# WHAT THE EXERCISE ASKS
Every line below should come back exactly as written, though the pictures stay out.

DATA START

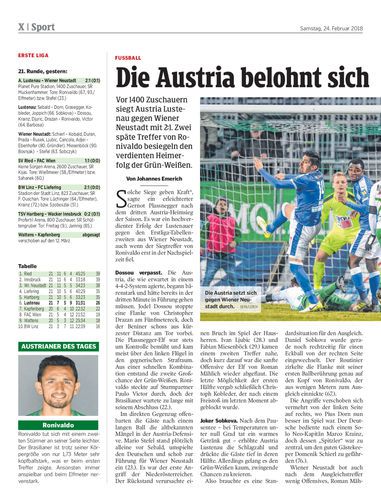 Vor 1400 Zuschauern siegt Austria Lustenau gegen Wiener Neustadt mit 2:1. Zwei späte Treffer von Ronivaldo besiegeln den verdienten Heimerfolg der Grün-Weißen.
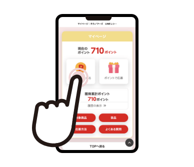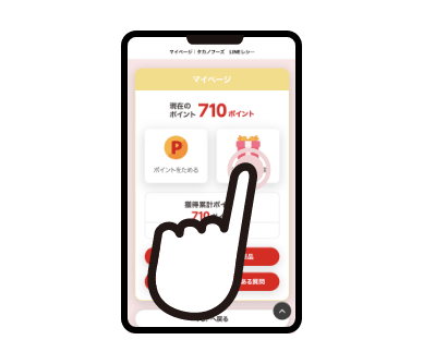マイページより「ポイントで応募」ボタンをタップし、応募したい景品を選択した上でご応募ください。
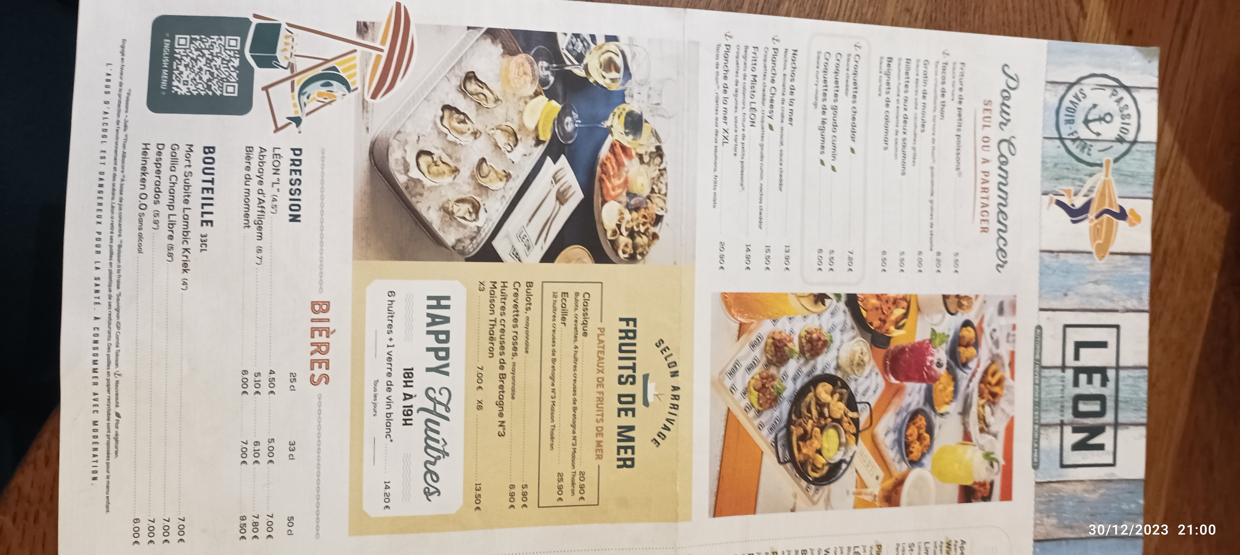 Je ne sais pas par quoi commencer mais une chose est sûre c'est qu'ils ne nous reverront jamais. Pour une 1ère visite on a eu faim.... car on ne nous a jamais servi. Nous passons notre commande apéritifs avec fritures. Alors pour mon compagnon une suze qui avait plutôt le goût d'une gentiane mais au prix de la suze. Moi un martini blanc sûrement coupé avec de l'eau et un drôle de goût. Toujours pas de fritures à l'horizon. Notre serveur passe et repasse sans même nous calculer. D'autres clients arrivent.... L'heure tourne...... Au bout d'une heure et demie d'attente, le serveur amène un petit seau et là je lui pose la question à savoir où est notre friture ? Sûrement parti la pêcher. La réponse désolé, nous avons eu un problème avec l'ordinateur donc il faut patienter. Pardon ? Et si je ne demande pas, on ne nous dit rien. Je regarde autour de nous, les clients arrivés après nous en sont au dessert. La moutarde me monte au nez. Je me lève et je vais voir la manager. Je lui demande si nous sommes transparents au point de nous zapper. Non mais attendez on s'en occupe. J'ai répondu, ne vous occupez de rien, annulez notre commande, on se casse................................ Nous étions vénères. Et on s'est barrer. Quand je vois les commentaires positifs j'hallucine. FUYEZ LEON......... Nous avions la dalle et nous avons trouvé juste en face un wok. Alors là je peux vous le conseiller. Absolument impeccable. Je trouve bizarre que les commentaires positifs ont une réponse de la part de Léon et que les négatifs n'ont rien. Désolée pour mon avis qui est plutôt un roman.
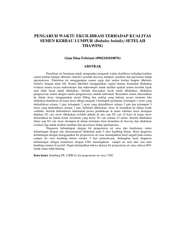 Gian Dina Febriani, PENGARUH WAKTU EKUILIBRASI TERHADAP KUALITAS SEMEN KERBAU LUMPUR (BUBALUS BUBALIS) SETELAH THAWING. Banda Aceh Fakultas Kedokteran Hewan,2013

DATA END

# SOLUTION
 Vor 1400 Zuschauern siegt Austria Lustenau gegen Wiener Neustadt mit 2:1. Zwei späte Treffer von Ronivaldo besiegeln den verdienten Heimerfolg der Grün-Weißen.
マイページより「ポイントで応募」ボタンをタップし、応募したい景品を選択した上でご応募ください。
 Je ne sais pas par quoi commencer mais une chose est sûre c'est qu'ils ne nous reverront jamais. Pour une 1ère visite on a eu faim.... car on ne nous a jamais servi. Nous passons notre commande apéritifs avec fritures. Alors pour mon compagnon une suze qui avait plutôt le goût d'une gentiane mais au prix de la suze. Moi un martini blanc sûrement coupé avec de l'eau et un drôle de goût. Toujours pas de fritures à l'horizon. Notre serveur passe et repasse sans même nous calculer. D'autres clients arrivent.... L'heure tourne...... Au bout d'une heure et demie d'attente, le serveur amène un petit seau et là je lui pose la question à savoir où est notre friture ? Sûrement parti la pêcher. La réponse désolé, nous avons eu un problème avec l'ordinateur donc il faut patienter. Pardon ? Et si je ne demande pas, on ne nous dit rien. Je regarde autour de nous, les clients arrivés après nous en sont au dessert. La moutarde me monte au nez. Je me lève et je vais voir la manager. Je lui demande si nous sommes transparents au point de nous zapper. Non mais attendez on s'en occupe. J'ai répondu, ne vous occupez de rien, annulez notre commande, on se casse................................ Nous étions vénères. Et on s'est barrer. Quand je vois les commentaires positifs j'hallucine. FUYEZ LEON......... Nous avions la dalle et nous avons trouvé juste en face un wok. Alors là je peux vous le conseiller. Absolument impeccable. Je trouve bizarre que les commentaires positifs ont une réponse de la part de Léon et que les négatifs n'ont rien. Désolée pour mon avis qui est plutôt un roman.
 Gian Dina Febriani, PENGARUH WAKTU EKUILIBRASI TERHADAP KUALITAS SEMEN KERBAU LUMPUR (BUBALUS BUBALIS) SETELAH THAWING. Banda Aceh Fakultas Kedokteran Hewan,2013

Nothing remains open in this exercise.